During the Middle Ages, there were six Beja kingdoms that were established. These kingdoms stretched from the lowlands of Eritrea to Aswan in Egypt. The Beja kingdoms occupied much of the former territory of the Aksum empire. These kingdoms were first noted by the famous Arab historian Al-Yaqubi during the 9th century A.D. The names of the kingdoms were Nagash, Tankish, Belgin, Bazin, Jarin and Qita'a. These kingdoms bordered each other and the powerful Nubian Alodia kingdom. To the south of the Beja kingdoms was a Christian kingdom called Najashi. Gold, precious stones and emeralds were found in many of the kingdoms. Al-Yaqubi noted that Muslim Arabs visited the kingdoms for trading purposes. He also noted that Arabs worked in the mines of the kingdoms.

The rise of the Beja tribes was one of the main reasons for the demise of the Aksumite empire in the 7th century. Raids and invasions by the Beja tribes weakened the state of the Aksum empire. Also due to the rise of Islam they lost control of their trading routes on the Red Sea coast. The Beja capitalized on this and managed to take over much of Aksum's territory. Towards the end of the 7th century A.D, a powerful Beja tribe called the Zanafaj acquired a unified structure and penetrated the Eritrean plateau through the valley of Gash-Barka and raided the Aksumites. Much of the Eritrean Highlands were overrun by Beja tribes and many of the dispersed Aksumites fled southwards.

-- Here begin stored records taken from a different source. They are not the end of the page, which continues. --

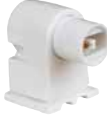
*22491 Plunger End Lamp Holder For HO, VHO, SHO Lamps 660 Watts Max., 1000 Volts Non Shunted
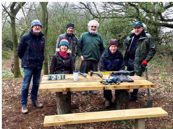
Felbeck Trust volunteers celebrate the completion of a picnic table and benches - EBC

The planned work-party at East Beckham Common went ahead on the 12th March despite the threat of bad weather in the wake of Storm Gareth. The seven hardy volunteers knuckled down to constructing a rustic picnic table & benches and started work on a dew pond at the southern end of the site. Two positive developments for The Common - providing additional facilities for visitors and improved habitat for wildlife - making a contribution towards the stated objectives of Felbeck Trust.
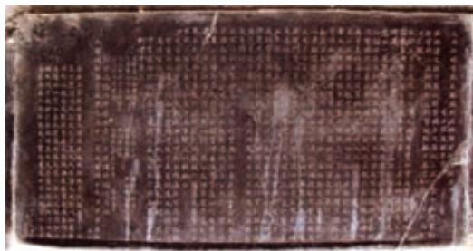
Above: Stupa of Woncheuk, Xingjiaosi, Xian, Shansi, China Below: Inscription of Woncheuk, Xingjiaosi, Xian, Shansi, China
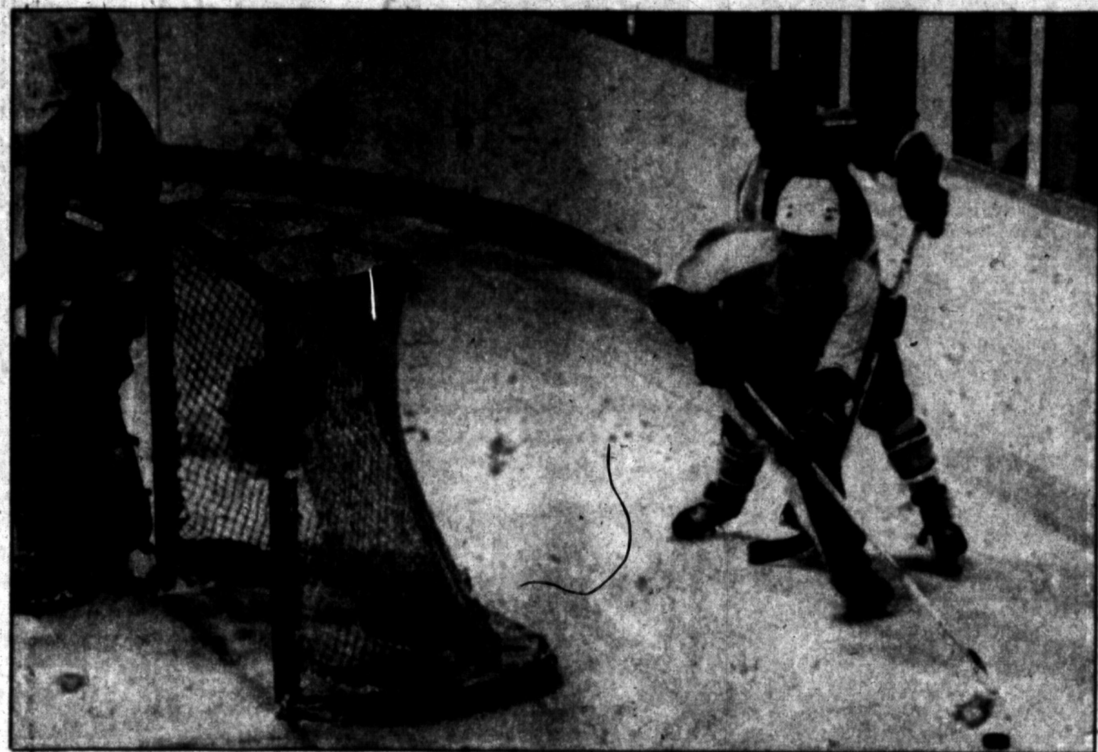
A Baugh Construction forward tries to sneak up behind the Welder net. It's do or die for Baugh Sunday.
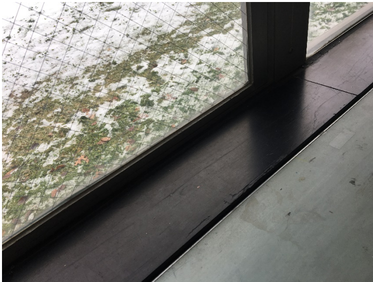
Photograph 4: Windowsill in band room
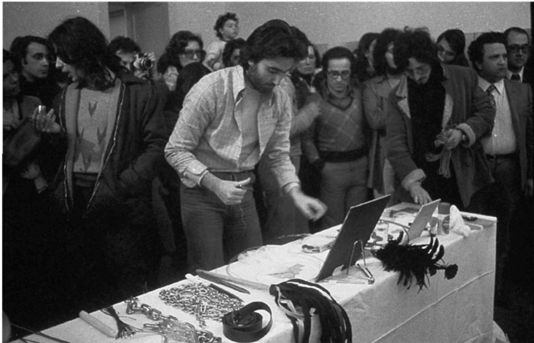
Marina Abramović "Rhythm 0" 1974 Performance: 6 hours
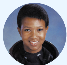
Mae C. Jemison (1956 - ) Brilliant American engineer, physician, professor and NASA astronaut.
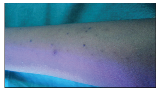
Figure 1: Multiple hyperpigmented follicular papules on flexural aspect of forearm

Eruptive vellus hair cyst (EVHC) represents developmental abnormality of vellus hair follicle. Cysts are characteristically located in the mid dermis and contain variable amount of laminated keratin and multiple transversally and obliquely cut vellus hair. We are reporting a case of EVHC in young female presenting as asymptomatic papules on flexor aspect of upper extremities.
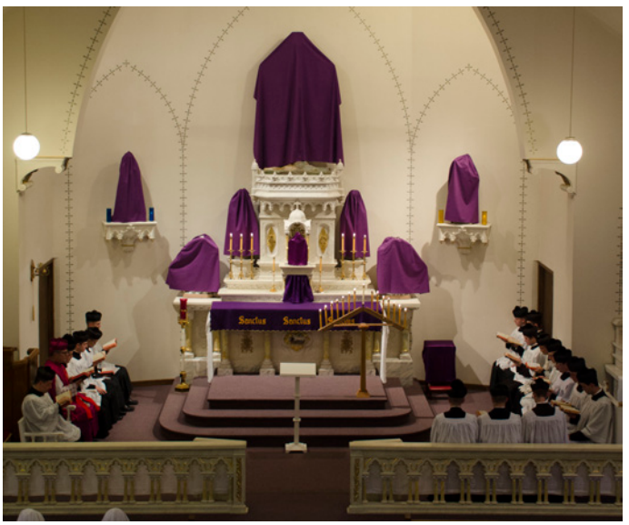
The priests and seminarians chant the beautiful psalms and lessons of Tenebrae on Wednesday of Holy Week

year, there is a much shorter period between Easter Week and the conclusion of our seminary classes and the advancement of our seminarians toward the priesthood. In three weeks, four of our seminarians will receive First Clerical Tonsure, another four of our seminarians will receive their last two minor orders of Exorcist and Acolyte, one of our religious seminarians will receive the Subdiaconate and another religious seminarian will receive the Diaconate. Please remember them in your prayers as they build their spiritual foundation for the holy priesthood.
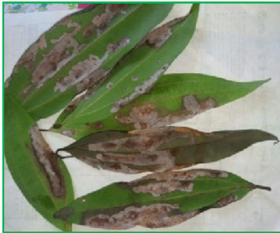
Fig. 4. Heavy damage by leaf miner.
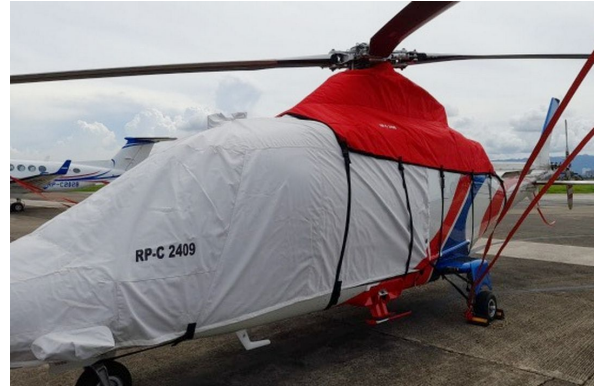
Agusta Grand AW109 SP Bubble & Engine Covers
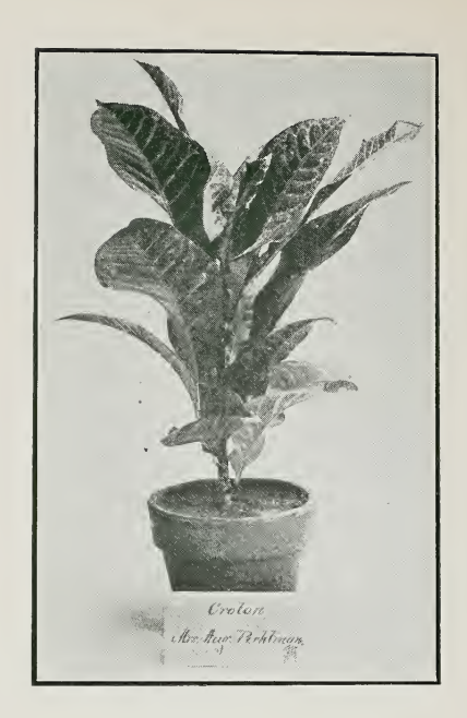
NEW SEEDLING CROTON AUGUST POEHLMANN

The plant of the century. Positively the best house and porch plant to date. Our stock of this wonderful plant this year is finer than we have heretofore offered. It will surely give satisfaction.
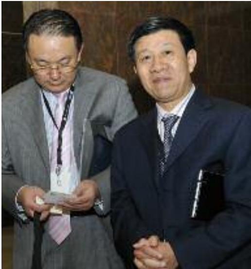
Community building - our vision at Horasis
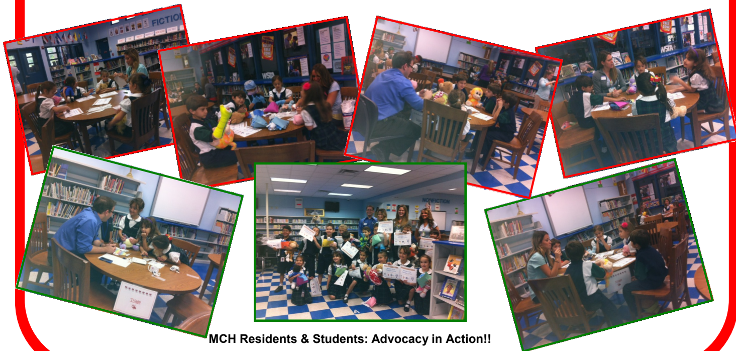
MCH Residents & Students: Advocacy in Action!!
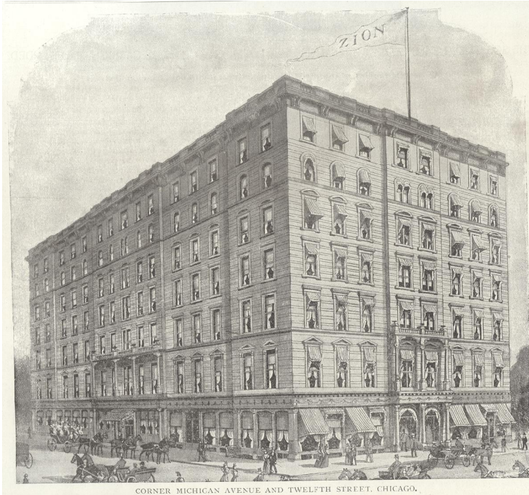
CORNER MICHIGAN AVENUE AND TWELFTH STREET, CHICAGO.

IS A CHRISTIAN, TEMPERANCE AND DIVINE HEALING HOME WITH ALL THE COMFORTS OF A FIRST-CLASS HOTEL.
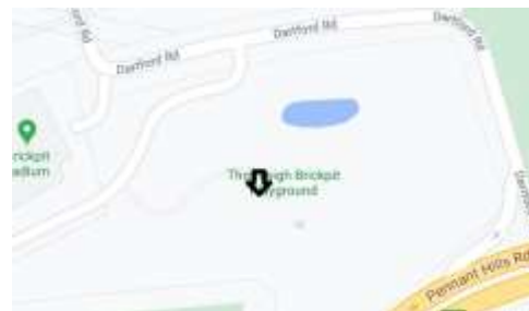
Entry & Exit of venue Via lower entrance next to park benches
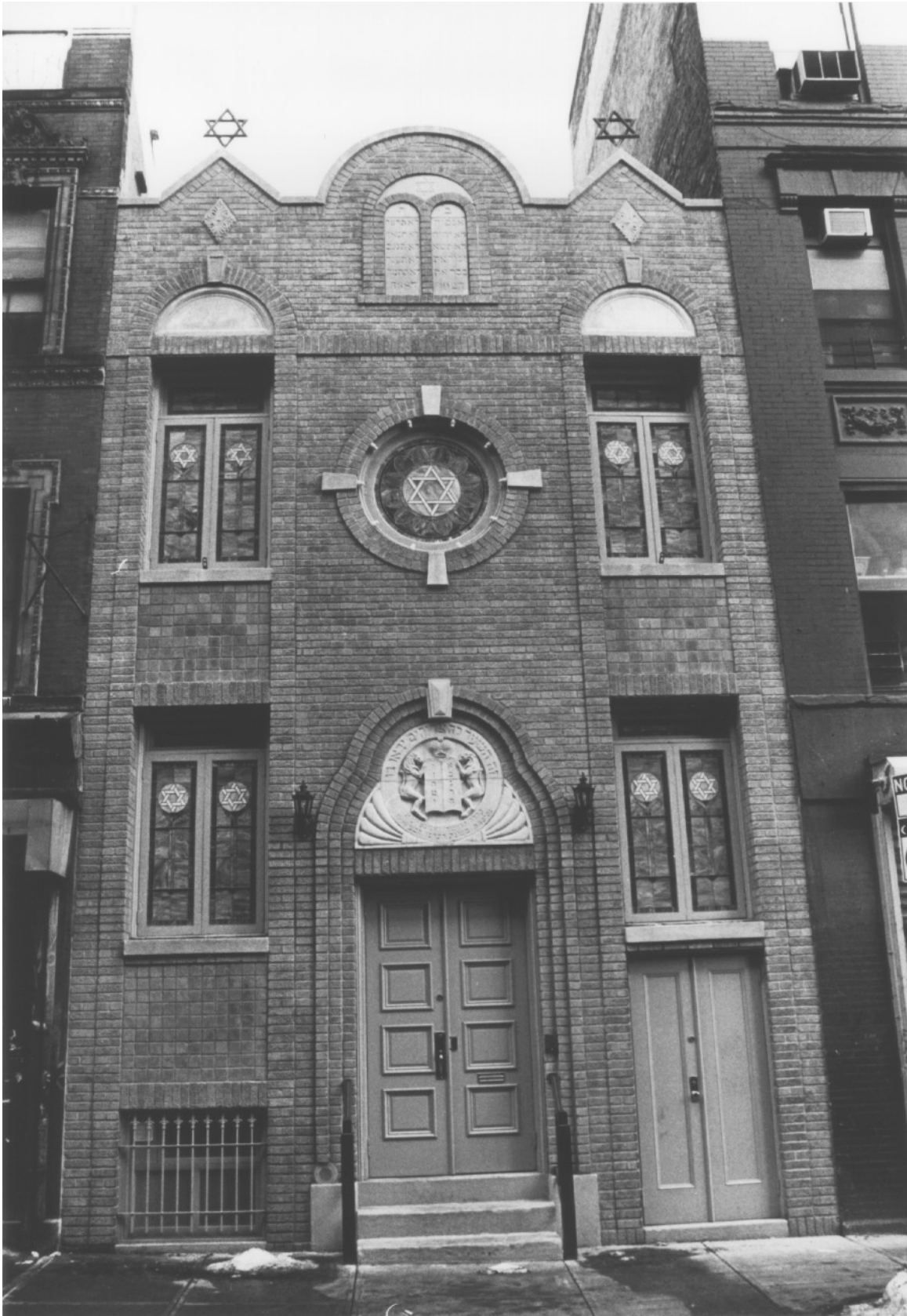
Kehila Kadosha Jaina Synagogue 280 Broome Street Manhattan
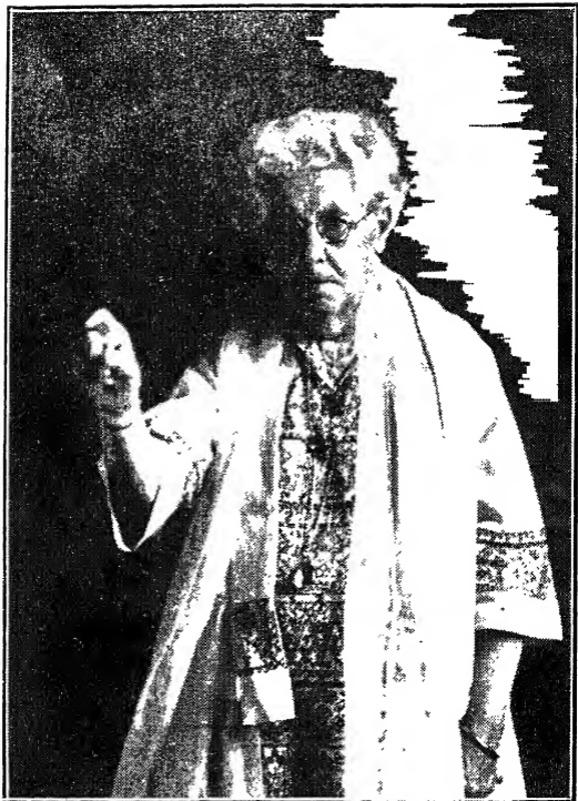
DR. ANNIE BESANT
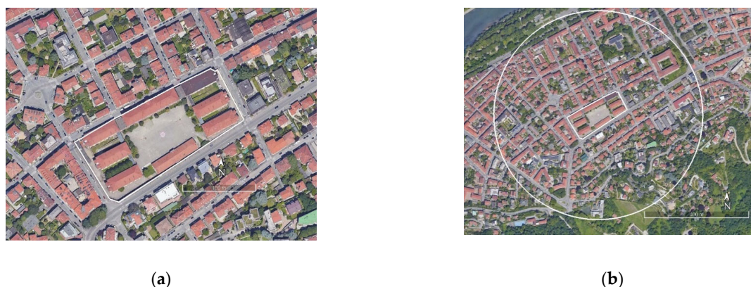
Figure 11. (a) and (b) Localization of the site and walkable catchment centered on the barracks.

The barracks morphology resembles the formal structure and building organization of Borgo Po, set up by an orthogonal grid scheme generating a diversity of rectangular blocks. The reticular layout came from both the land parceling and the large existing public spaces, such as Great Mother of God square—Piazza Gran Madre di Dio. As Borgo Po is a typically bourgeoisie-shaped neighborhood, the functions located within a radius of 400 m are mostly residential. The buildings' ground floors are dedicated to commercial and workshops and the blocks are occupied by mostly private gardens. The accessibility to the city center is made possible by two bridges while the existing transportation infrastructures favor private cars as the primary mode of mobility. Nevertheless, Borgo Po neighborhood is provided with a functional bus transport system.
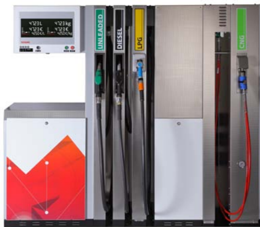
BMP 4000.OE EURO COMBI/CNG

As an experienced global producer with many years' experience with much more than just CNG dispensers, we have created a timeless design that not only meets countless requirements of varied customers, but also offers simple adjustment from a single filling nozzle to up to four nozzles.
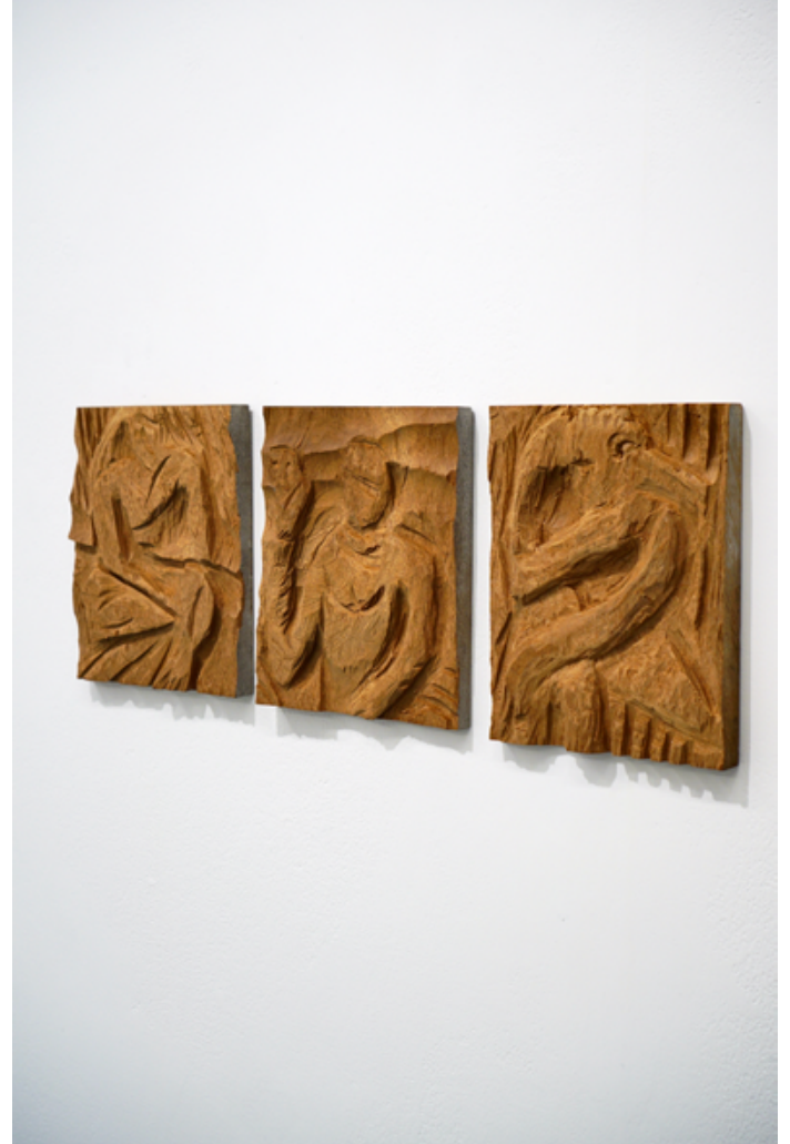
The Abject Mirror (tryptich) (2023). Three panels of carved hard wood, 50x20cm, each approximately 16 x 20 cm. PRICE: £1850
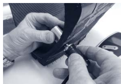
Fig. 8: Measurement of total rubber thickness of the side wall with fabric carcass (max. 10 mm) with probe F10-cp and Fe counter pole.
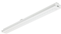
TrueBlend Recessed RC455B minicups WH U4 4FT
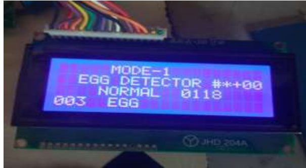
Figure 3.1 Display of normal egg in LED display

1. Normal Egg Test: The normal egg was tested in our instrument and it's showed no warning indication as a result. Also GSM based warning information's are not received. This testing results shown in below diagram.
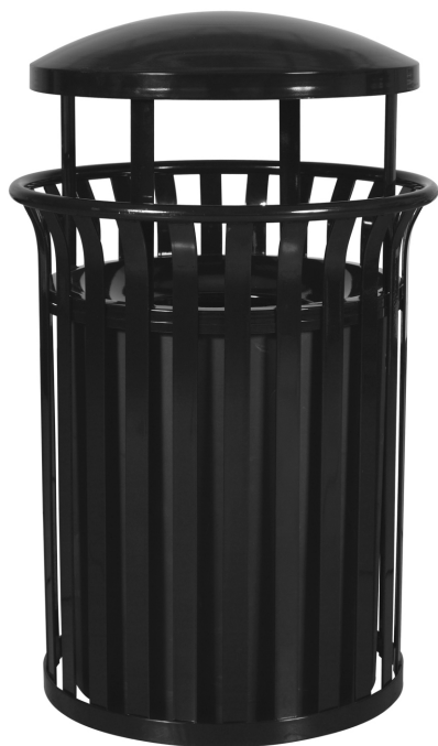
CLASSIC: SCD-2633 BLK
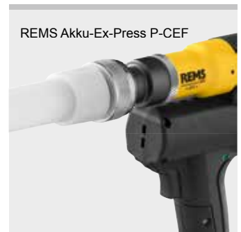
REMS Akku-Ex-Press P-CEF
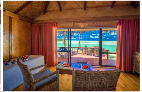
DELUXE BEACHFRONT BUNGALOW
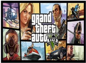
Picture 4. Display of GTA 5

Some problem he faces related to using English is when he has to speak directly with other persons. He worries about his grammar. But when he will be more confidence when he has to use English in written since he can check the grammar before he sends the messages.
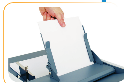
Optional Multi-Sheet Feeder
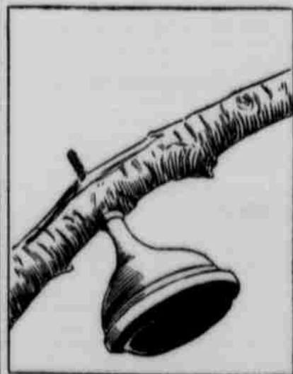
Caster Driven Through Tree Limb.

That a number of houses should have been wholly and in part destroyed is naturally to be expected of any cyclone that is at all violent. But that it should pick up a caster from a table, twist off the handle and drive the spindle through the branch of a walnut tree is surely no common occurrence. Mr. Bricker assures us that before the storm the caster found a place on the table of Mr. G. F. Franks, that it was intact with the bottles in their intended positions; yet after the tornado the base was found in a walnut tree limb, exactly as it is shown in the accompanying photograph. The wind had unscrewed the top and taken
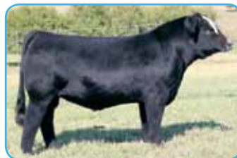
Mr. CCF Vision Embryo Sire

Real-Time Bidding is available via Internet for this sale!
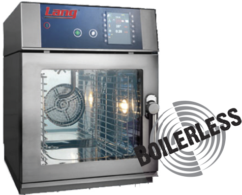
Model CSCPE1.06 shown (counter model)
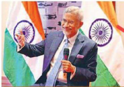
EAM S Jaishankar during an interaction with members of Indian community in Belgium and Luxembourg.
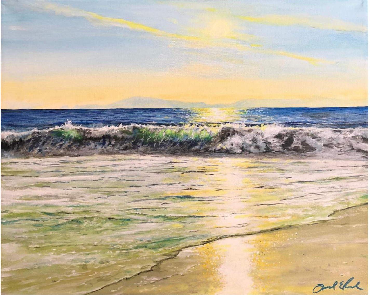
Frank Rock , Deep Breath , Acrylic on canvas, 20" x 16" ($300) Inspired by a photograph by Stephen K. Peeples.
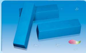
蓝蜡 Blue Wax

以进口高档布和国产优质布。采用自动化生产过程，所生产的绿油麻轮、白布轮、风布轮等耐高温，且在清除螺旋纹过程中，亮度和光洁度上会有更佳的效果。 千页轮以优质叶轮专用砂为原材料，厚度从8mm-700mm，粒度从240#-800#。 我们的产品广泛用于不锈钢管，铁管的磨削和抛光；还有五金、木材、塑料、陶瓷等抛磨行业。 Our products are extensively suitable for the grinding and polishing the stainless steel pipes, carbon steel pipes( iron pipes) as well as polishing and grinding industrial of hardware, wood, plastics and ceramics.
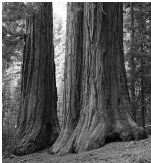
The Giant Sequoias at Kings Canyon National Park
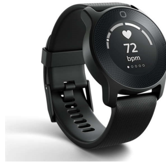
Figure 1: The Philips health watch.

Initially, a risk assessment of the health status of the worker will be carried out, making use of Goldberg’s General Health Questionnaire [9]. If the health situation of the worker is especially complex, the platform will communicate it, avoiding sending messages and notifications that may entail a risk. The user could control the maximum amount of notifications to receive per day (except for some priority

After the fall of Aksum the coastal regions were occupied by the Beja.

The Beja kingdoms were subdivided by tribes and clans. These clans were noted by Al-Yaqubi to be the Hedareb, Suhab, Amarar, Kubir, Manasa, Ras'a, Arbari'a and Zanafaj. It is also noted that the Kunama were a part of the Bazin kingdom, due the fact that they are called Bazen by Abyssinians. The Beja tribes were on good terms with Muslim Arabs that worked and visited their kingdoms. At the time that Al-Yaqubi visited the kingdoms, the Bazin kingdom was at war with the Nubian kingdom of Alodia. The Beja kingdoms were warlike and powerful nations who were skilled at warfare. There was a Beja tribe that was described as a warrior clan. The name of the clan was Dar As-Sawa. The young men of this particular tribe were sent to military training school, where they were trained for war and combat.

The inhabitants of the kingdoms that were located in Eritrea were agriculturalist and pastoralist. These kingdoms established some of the modern day cities. After 600 years, the former Beja kingdoms were replaced by the powerful Belew kingdom (also called Mezega/Bellou/Kelew) whom were also Beja (Balaw).